→ **Work instruction**
Beginning at the line that contains "1.Transform your bedroom" and finishing at the line that contains "Zegar na kominek", output the data below exactly. Include both end lines and no pictures.

→ **Source data**
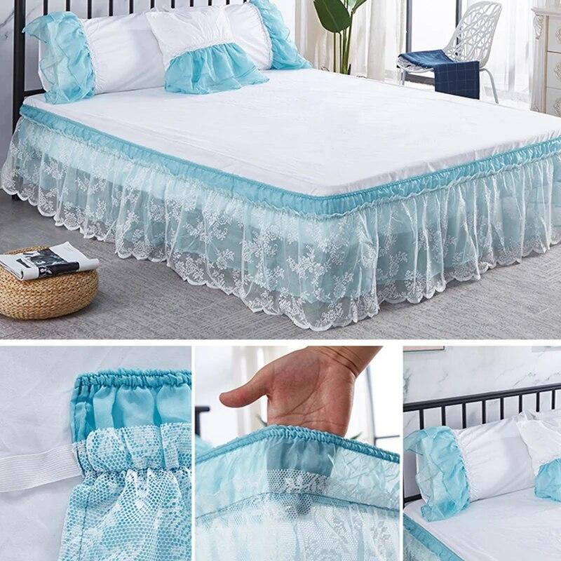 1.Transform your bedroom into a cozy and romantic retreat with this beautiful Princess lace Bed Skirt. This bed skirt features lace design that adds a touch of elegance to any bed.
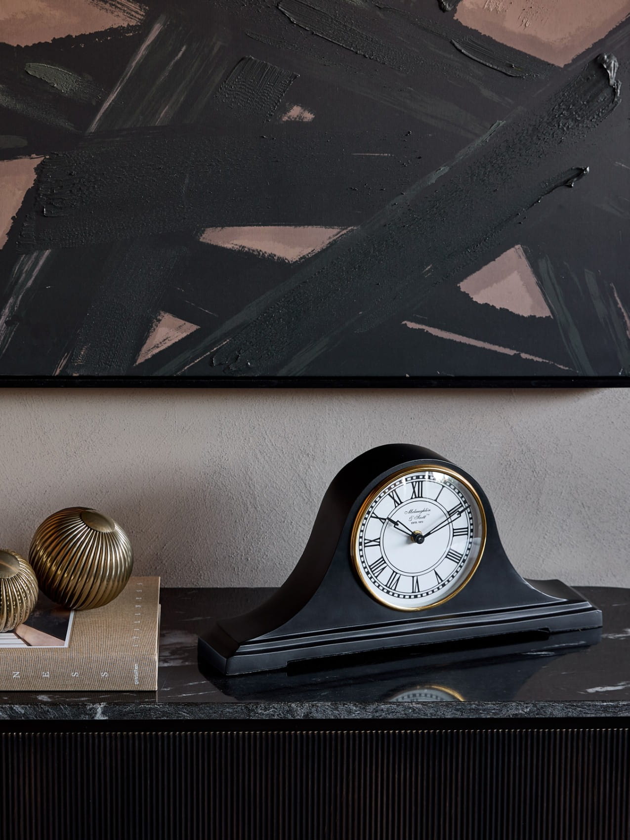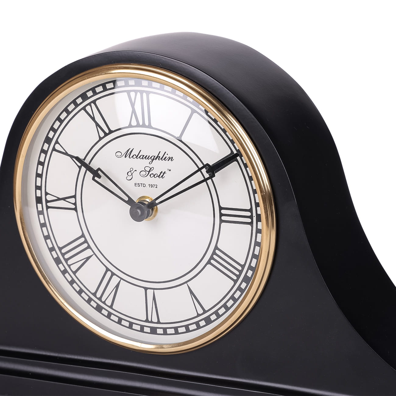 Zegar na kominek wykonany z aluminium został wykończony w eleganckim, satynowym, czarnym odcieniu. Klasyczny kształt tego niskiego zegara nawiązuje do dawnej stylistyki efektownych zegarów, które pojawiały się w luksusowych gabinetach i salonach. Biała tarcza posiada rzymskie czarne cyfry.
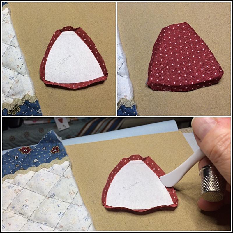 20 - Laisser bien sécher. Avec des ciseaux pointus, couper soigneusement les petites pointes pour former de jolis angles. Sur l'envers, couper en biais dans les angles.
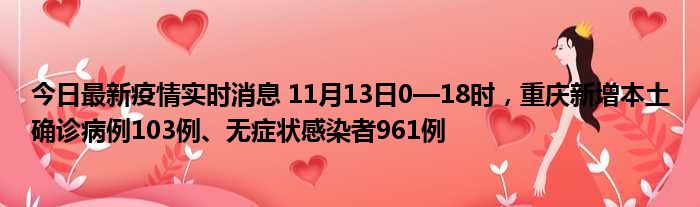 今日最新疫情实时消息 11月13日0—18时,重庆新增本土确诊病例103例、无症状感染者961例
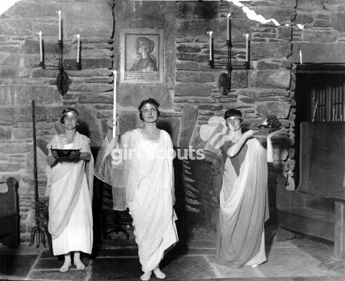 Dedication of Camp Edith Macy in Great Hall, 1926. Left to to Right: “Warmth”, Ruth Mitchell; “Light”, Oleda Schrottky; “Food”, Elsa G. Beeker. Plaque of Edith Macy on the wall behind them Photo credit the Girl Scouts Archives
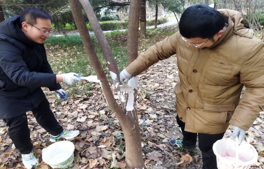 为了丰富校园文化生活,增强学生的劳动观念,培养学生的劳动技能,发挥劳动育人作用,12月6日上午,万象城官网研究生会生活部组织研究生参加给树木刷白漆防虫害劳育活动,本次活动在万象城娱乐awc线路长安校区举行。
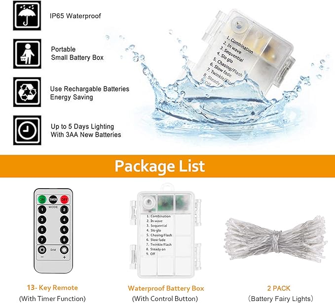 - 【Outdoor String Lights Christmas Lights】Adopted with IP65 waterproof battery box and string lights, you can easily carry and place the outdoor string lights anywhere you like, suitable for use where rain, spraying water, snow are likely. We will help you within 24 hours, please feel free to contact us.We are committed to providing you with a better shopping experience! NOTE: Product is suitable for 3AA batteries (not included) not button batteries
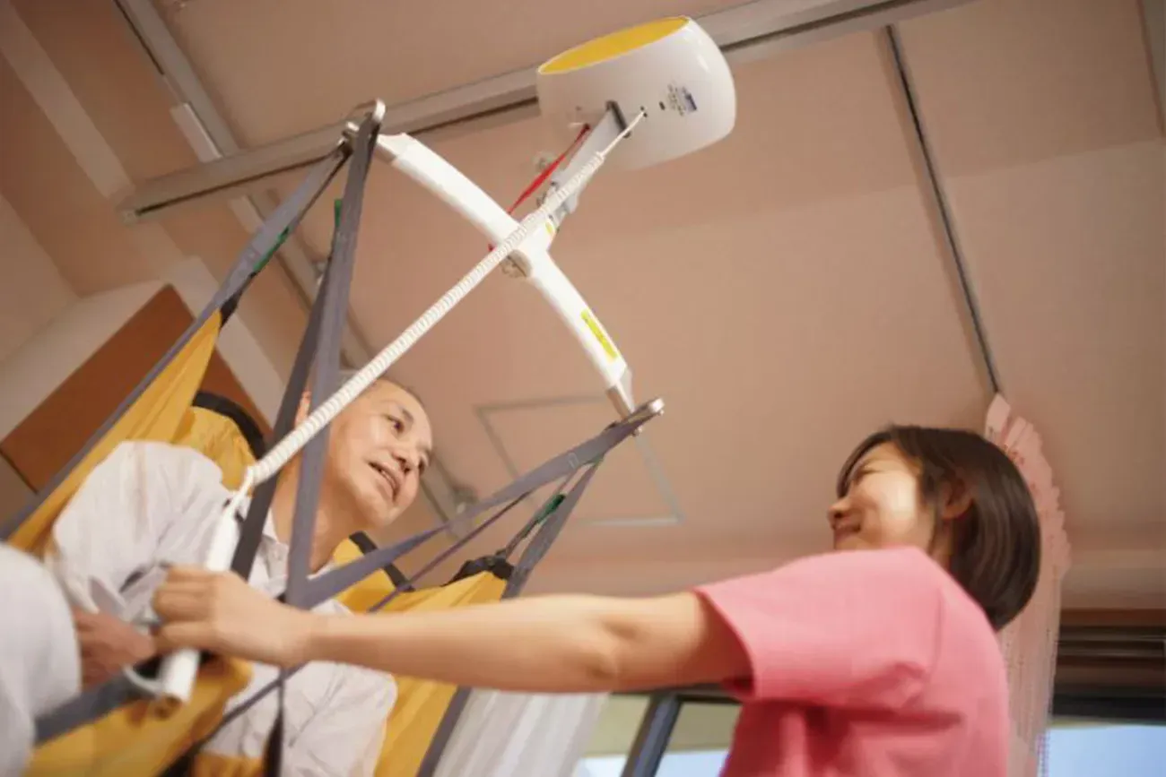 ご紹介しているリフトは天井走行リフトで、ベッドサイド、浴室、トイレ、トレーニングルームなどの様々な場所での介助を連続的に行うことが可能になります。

...

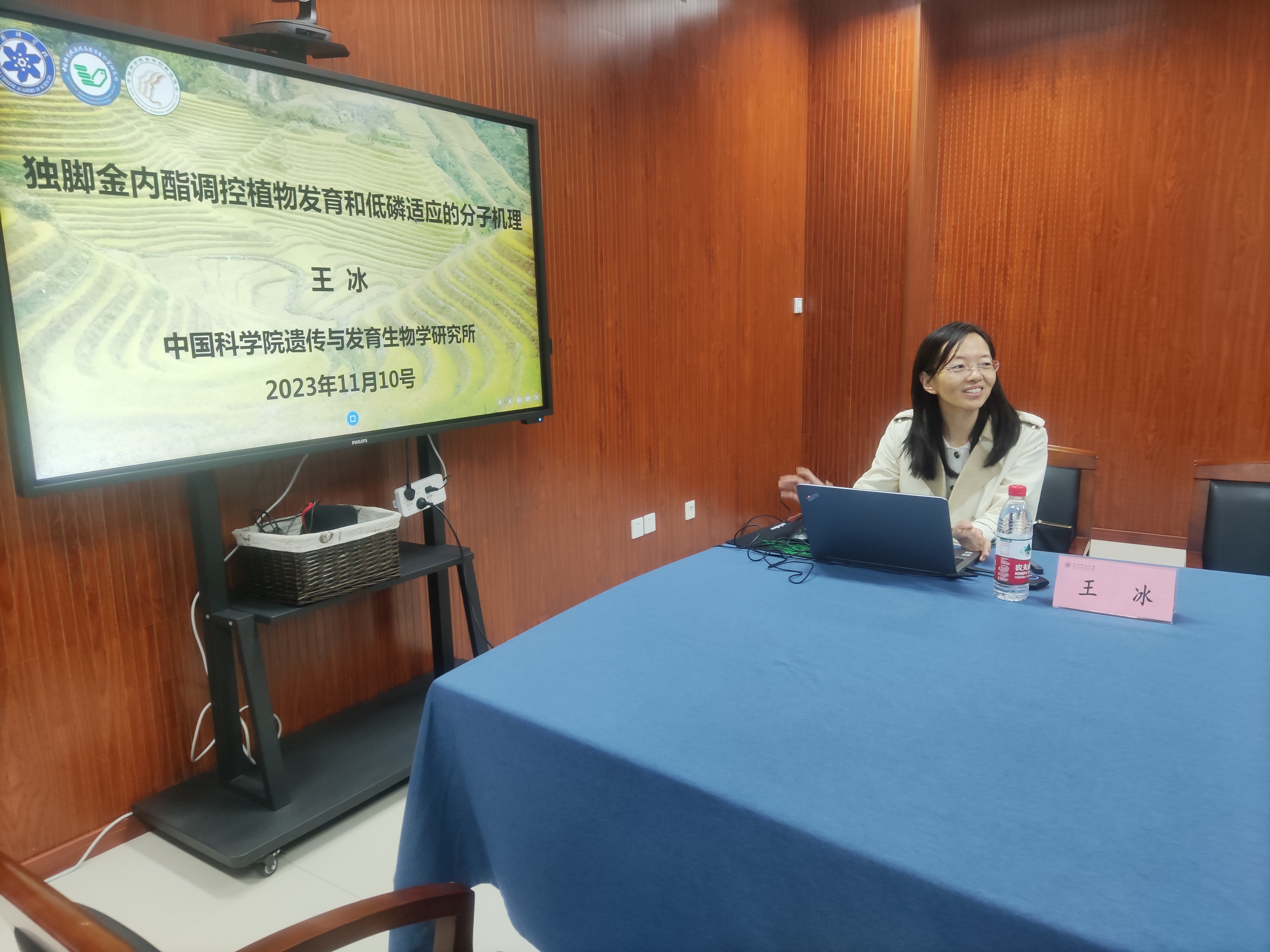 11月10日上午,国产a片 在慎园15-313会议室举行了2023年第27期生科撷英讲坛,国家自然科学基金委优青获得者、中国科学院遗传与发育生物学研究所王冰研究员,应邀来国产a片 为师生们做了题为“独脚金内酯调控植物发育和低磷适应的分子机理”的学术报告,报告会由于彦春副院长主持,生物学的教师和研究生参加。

* * *

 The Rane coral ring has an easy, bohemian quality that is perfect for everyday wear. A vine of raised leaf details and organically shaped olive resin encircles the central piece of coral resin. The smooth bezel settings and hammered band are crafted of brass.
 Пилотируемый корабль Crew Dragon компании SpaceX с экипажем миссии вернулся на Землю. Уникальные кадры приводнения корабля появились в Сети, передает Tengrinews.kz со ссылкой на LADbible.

→ **Answer below**
 1.Transform your bedroom into a cozy and romantic retreat with this beautiful Princess lace Bed Skirt. This bed skirt features lace design that adds a touch of elegance to any bed.
 Zegar na kominek wykonany z aluminium został wykończony w eleganckim, satynowym, czarnym odcieniu. Klasyczny kształt tego niskiego zegara nawiązuje do dawnej stylistyki efektownych zegarów, które pojawiały się w luksusowych gabinetach i salonach. Biała tarcza posiada rzymskie czarne cyfry.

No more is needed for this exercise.